Fisco vai ter um serviço de apoio e defesa do contribuinte

Anúncio foi feito pelo secretário de Estado dos Assuntos Fiscais.

A Autoridade Tributária e Aduaneira (AT) vai ter um serviço de apoio e defesa do contribuinte e um subdiretor-geral responsável exclusivamente pela relação com os contribuintes, disse à agência Lusa o secretário de Estado dos Assuntos Fiscais.

A escolha do subdiretor-geral com estas novas funções vai ser feita através do lançamento de um concurso, adiantou o secretário de Estado que hoje fará a abertura da conferência "Cidadania fiscal 2.0", na qual serão apresentadas medidas que visam a simplificação, digitalização e proximidade dos contribuintes com a AT.
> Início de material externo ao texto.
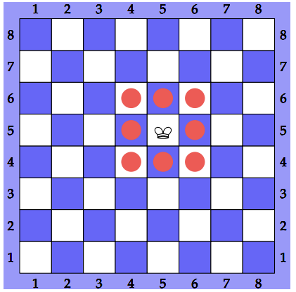 Một quân vua được đặt trên một ô giữa bàn cờ vua. Mỗi bước di chuyển,

O serviço de apoio e defesa do contribuinte terá, não só uma dimensão de apoio ao cumprimento voluntário das obrigações fiscais, mas também uma dimensão de apoio ao acionamento dos meios de defesa do contribuinte e de tratamento das queixas.

Após a grande aposta na informatização e digitalização da relação da AT com os contribuintes -- vertente que se irá manter -- o foco vai, assim, centrar-se na dimensão da comunicação e do relacionamento do contribuinte, visando a prevenção e redução de litígios através da aposta na comunicação, simplificação e apoio.


António Mendonça Mendes reconhece que há a perceção de que existe um elevado grau de litigância entre a administração fiscal e os contribuintes, ainda que os números não a reflitam.

Contribuintes fizeram 44.545 reclamações graciosas e fisco deu-lhes razão em 57%

Os contribuintes apresentaram 44.545 reclamações graciosas de liquidações de imposto em 2018, tendo-lhes sido dada uma resposta favorável em 57% dos casos, indicam dados da Autoridade Tributária e Aduaneira (AT).

Este número de reclamações graciosas resulta dos mais de 25,3 milhões de liquidações feitas pela AT e comunicadas aos contribuintes ao longo do ano passado, correspondendo assim a menos de 0,19% do total.

Os dados da AT mostram que o imposto que foi objeto do maior número de reclamações graciosas foi o IRS (somando 8.645), sendo que este valor acomoda as declarações de substituição que os contribuintes fazem depois de terem entregue uma primeira versão. A taxa de deferimento é habitualmente elevada já que a maioria destas novas declarações são aceites.

Os pagamentos antecipados e questões relacionadas com o Imposto Municipal sobre as Transações Onerosas (IMT) são os que se seguem na lista de situações que estão na origem do maior número de reclamações graciosas.

O sentido da decisão foi favorável ao contribuinte em 26% dos casos, mas em 50% foi-lhes desfavorável, havendo ainda 3% de casos com um desfecho parcialmente favorável e 6% que foram arquivados.

Já os processos que avançaram para a via judicial totalizaram 8.367, sendo este o valor mais baixo em comparação com 2016 e 2017.


Ao longo de 2018, os serviços de Finanças registaram 9,84 milhões de atendimentos presenciais, sendo este número inferior ao dos dois anos anteriores, o que se deve também à cada vez maior informatização e automatização das obrigações tributárias e declarativas.


Ao Centro de Atendimento Telefónico (CAT) da AT chegaram 1,77 milhões de chamadas recebidas, ainda que o número das atendidas tenha sido 1,41 milhões.